Eine Soziologin an einer US-amerikanischen Universität, von der keine Erlaubnis zur Nennungng ihres Namens und ihrer Institution vorliegt, schreibt in einer E-Mail-Auskunft vom Februar 2016, dass es, sofern sie wisse, keine staatlichen Unterstützungsdienste für unverheiratete Mütter und ihre Kinder gebe. Der Staat würde von Geburten außerhalb der Ehe stark abraten. Solche Kinder würden von den örtlichen Regierungsbehörden für gewöhnlich nicht als StaatsbürgerInnen anerkannt und ihnen würde nicht erlaubt, eine Haushaltsregistrierung (hukou) vornehmen zu lassen. Diesen Kindern würden daher oftmals Staatsbürgerschafts- und Wohnsitzrechte verweigert, darunter die kostenlose neunjährige Schulbildung, eine staatliche Krankenversicherung usw. Es könnte örtliche oder internationale NGOs geben, jedoch sei sie, die Soziologin, nicht mit der Lage vertraut. Die hauptsächliche Unterstützung würde oftmals von der Familie der Frau kommen, wenn die Familie dazu im Stande sei. Es gebe weiterhin Stigmatisierung/Diskriminierung gegenüber unverheirateten Müttern, aber dies unterscheide sich je nach Art der Gemeinschaft. Frauen in großen Städten, die über mehr Bildung und Geld verfügen würden, seien weniger wahrscheinlich von gesellschaftlicher Stigmatisierung betroffen:

"I have not done systematic research on single/unwed mothers in China, so I am trying my

best to answer your questions but I may not be totally accurate or up-to-date.
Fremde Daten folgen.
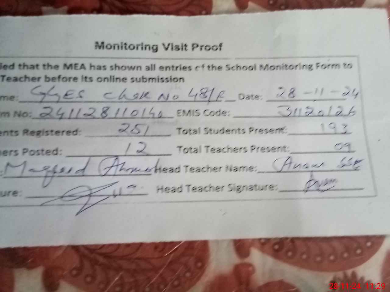 | EMIS Code: 31120126 | Name of School: GGES CHAK NO. 48/F | |||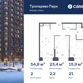 Строим кварталы для жизни с заботой о будущем. Предлагаются 2-комнатные апартаменты бизнес-класса 54, 83 кв.м в корпусе 2.2 на 21 этаже, в МФК «Тропарево Парк» Апартаменты с чистовой отделкой. Доступность дополнительных опций уточняйте у застройщика. Прописка не предусмотрена...

As far as I

know, there is no state support service for mothers and children of unwed births. On the

contrary, out-of-wed births are strongly discouraged by the state, so such children usually

do not get recognized by the local government agencies as citizens, by not allowing these

children to register on hukou (household registration). So these children are often denied

of citizen/resident benefits including free 9-year education, government medical insurance

for children, etc. There may be domestic or international NGOs but I am unfamiliar with

the situation. Also I am unfamiliar with Qingtian of Zhejiang Province, and don't know if it

is different from what I described above. The primary source of support is often from the

women's family, if they are capable. There is still stigmatization/discrimination toward

unwed mothers, but it varies a great deal by the type of communities. Women in large cities

with more education and money are less likely to subject to societal stigmatization."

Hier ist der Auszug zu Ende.